A Quick List of Some Problems in AI Alignment As A Field

Nicholas Kross

1. MIRI as central point of failure for... a few things...

For the past decade or more, if you read an article saying "AI safety is important", and you thought, "I need to donate or apply to work somewhere", MIRI was the default option. If you looked at FLI or FHI or similar groups, you'd say "they seem helpful, but they're not focused solely on AI safety/alignment, so I should go to MIRI for the best impact."

2. MIRI as central point of failure for learning and secrecy.

MIRI's secrecy (understandable) and their intelligent and creatively-thinking staff (good) have combined into a weird situation: for some research areas, nobody really knows what they've tried and failed/succeeded at, nor the details of how that came to be.
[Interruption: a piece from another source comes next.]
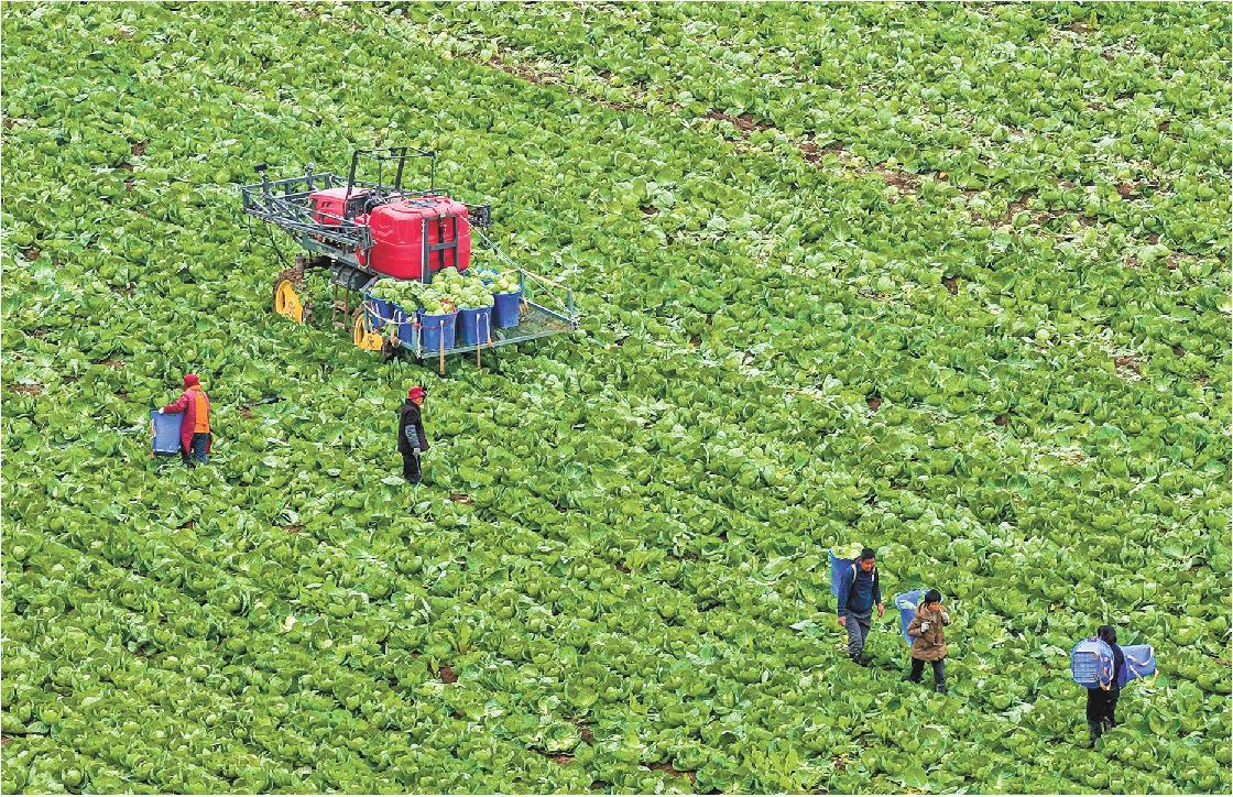 10月19日,聊城市茌平区振兴街道大崔村蔬菜种植基地,农民在采收甘蓝。该基地共种植600亩甘蓝,采摘后将送至北京、济南等地。近期我省迎来大风降温天气,农民加紧采收蔬菜,保障“菜篮子”稳定。

Yudkowsky did link some corrigibility papers he labels as failed, but neither he nor MIRI have done similar (or more in-depth) autopsies of their approaches, to my knowledge.

As a result, nobody else can double-check that or learn from MIRI's mistakes. Sure, MIRI people write up their meta-mistakes, but that has limited usefulness, and people still (understandably) disbelieve their approaches anyway. This leads either to making the same meta-mistakes (bad), or to blindly trusting MIRI's approach/meta-approach (bad because...)

3. We need more uncorrelated ("diverse") approaches to alignment.

MIRI was the central point for anyone with any alignment approach, for a very long time. Recently-started alignment groups (Redwood, ARC, Anthropic, Ought, etc.) are different from MIRI, but their approaches are correlated with each other. They all relate to things like corrigibility, the current ML paradigm, IDA, and other approaches that e.g. Paul Christiano would be interested in.

I'm not saying these approaches are guaranteed to fail (or work). I am saying that surviving worlds would have, if not way more alignment groups, definitely way more uncorrelated approaches to alignment. This need not lead to extra risk as long as the approaches are theoretical in nature. Think early-1900s physics gedankenexperiments, and how diverse they may have been.

Or, if you want more hope and less hope at the same time, look at how many wildly incompatible theories have been proposed to explain quantum mechanics. A surviving world would have at least this much of a Cambrian explosion in theories, and would also be better at handling this than we are in real-life handling the actual list of quantum theories (in absence of better experimental evidence).

Simply put, if evidence is dangerous to collect, and every existing theoretical approach is deeply flawed along some axis, then let schools proliferate with little evidence, dammit! This isn't psych, where stuff fails to replicate and people keep doing it. AI alignment is somewhat better coordinated than other theoretical fields... we just overcorrected to putting all our eggs in a few approach baskets.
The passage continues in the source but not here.